(WHAT YOU WILL DO):
The required output is the exact run of lines in the listing below from the line holding "По одному из" through the line holding "東川津店、本日のへそくりはピーマンです! 肉詰めがおすすめ♪ この機会に是非お買い求めくださいませ!", with no pictures.

(RECORD EXCERPTS):
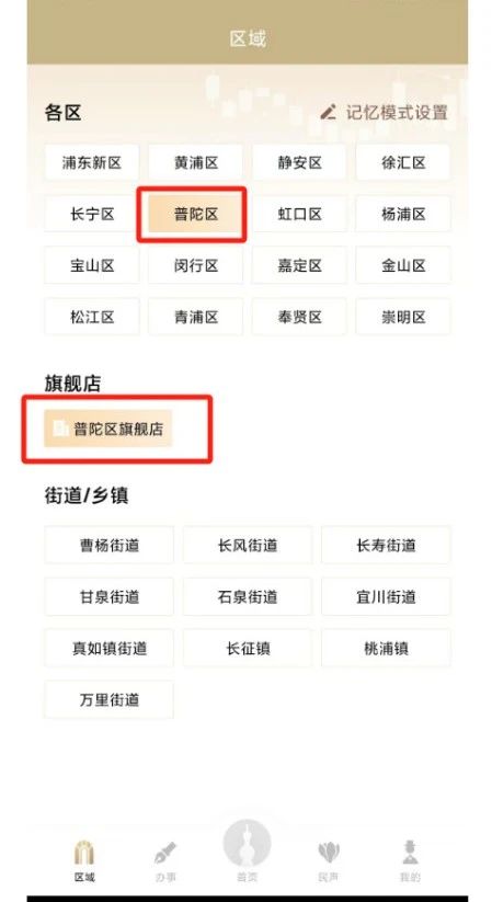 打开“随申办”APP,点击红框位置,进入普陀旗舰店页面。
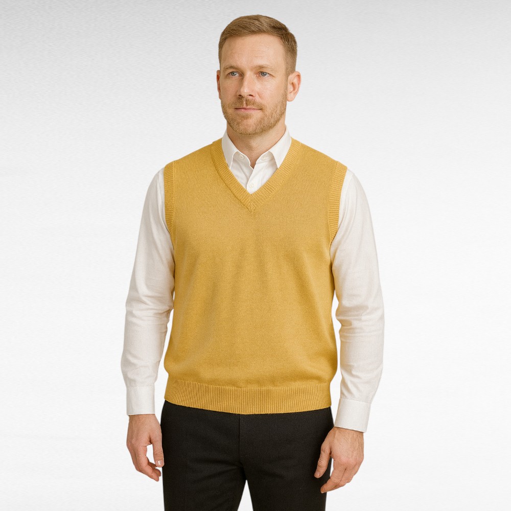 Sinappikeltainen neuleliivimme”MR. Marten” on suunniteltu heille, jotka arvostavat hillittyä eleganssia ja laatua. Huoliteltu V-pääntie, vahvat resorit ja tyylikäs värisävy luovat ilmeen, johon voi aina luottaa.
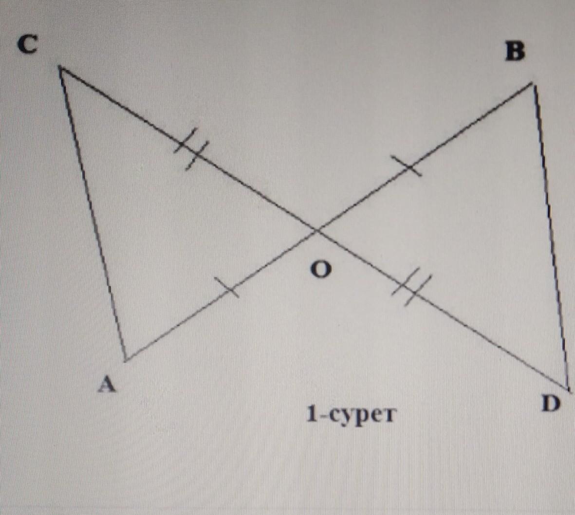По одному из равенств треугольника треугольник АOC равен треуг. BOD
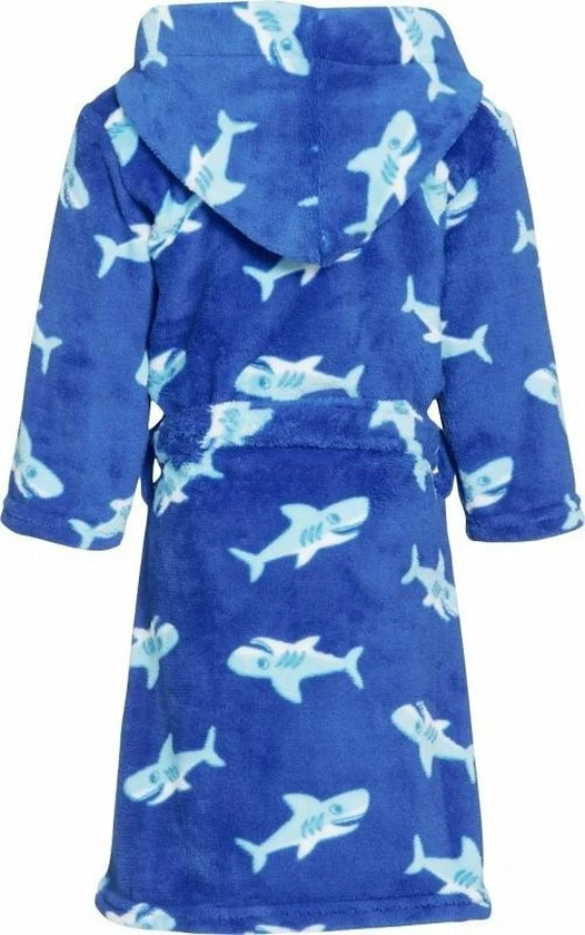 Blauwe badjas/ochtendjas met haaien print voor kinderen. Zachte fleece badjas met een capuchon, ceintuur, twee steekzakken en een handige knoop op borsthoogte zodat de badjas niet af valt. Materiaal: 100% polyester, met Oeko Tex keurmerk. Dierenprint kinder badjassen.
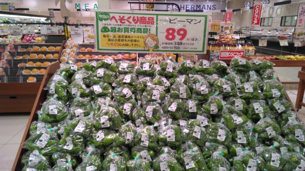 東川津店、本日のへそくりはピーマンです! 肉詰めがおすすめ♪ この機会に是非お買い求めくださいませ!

* * *

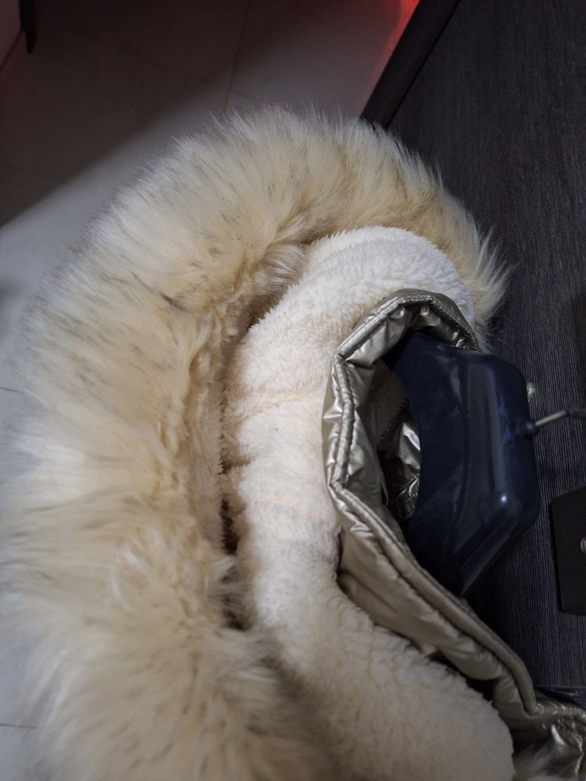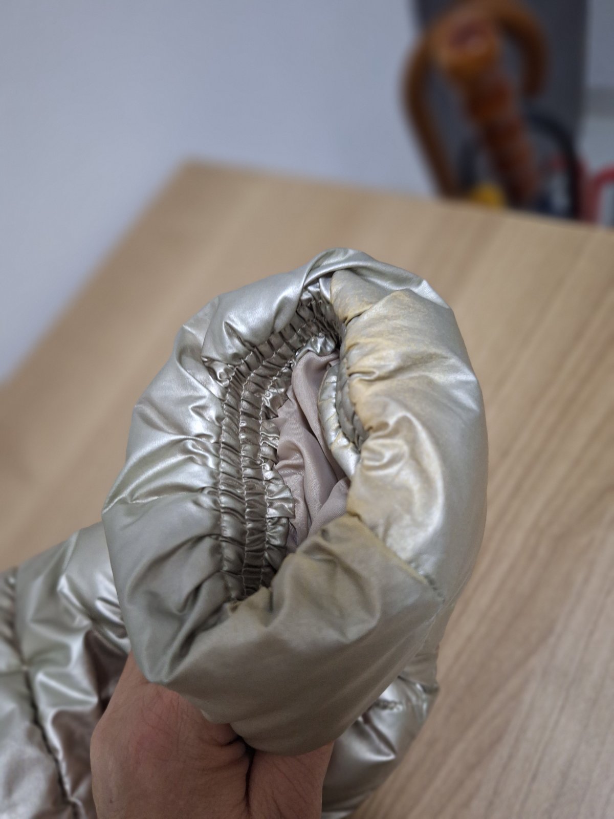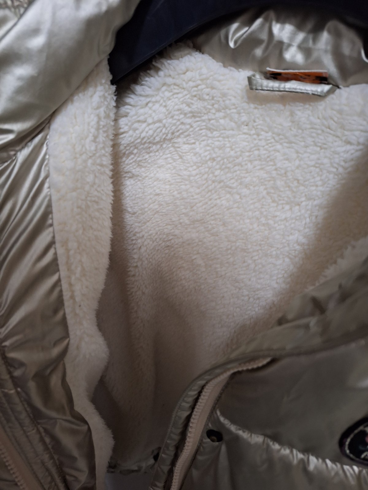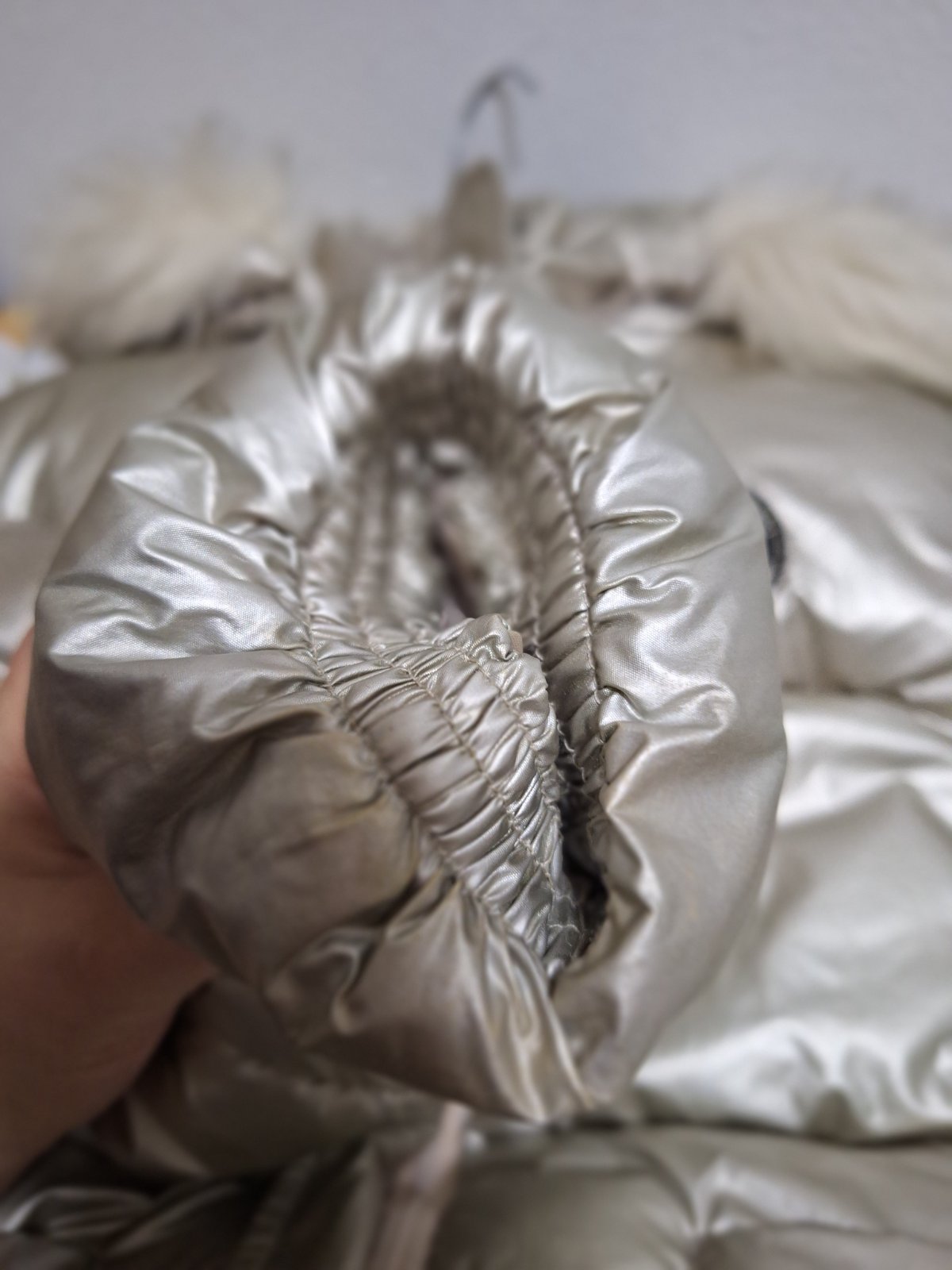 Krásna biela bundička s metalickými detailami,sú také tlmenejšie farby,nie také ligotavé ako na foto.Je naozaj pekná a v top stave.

(ANSWER BOX):
По одному из равенств треугольника треугольник АOC равен треуг. BOD
 Blauwe badjas/ochtendjas met haaien print voor kinderen. Zachte fleece badjas met een capuchon, ceintuur, twee steekzakken en een handige knoop op borsthoogte zodat de badjas niet af valt. Materiaal: 100% polyester, met Oeko Tex keurmerk. Dierenprint kinder badjassen.
 東川津店、本日のへそくりはピーマンです! 肉詰めがおすすめ♪ この機会に是非お買い求めくださいませ!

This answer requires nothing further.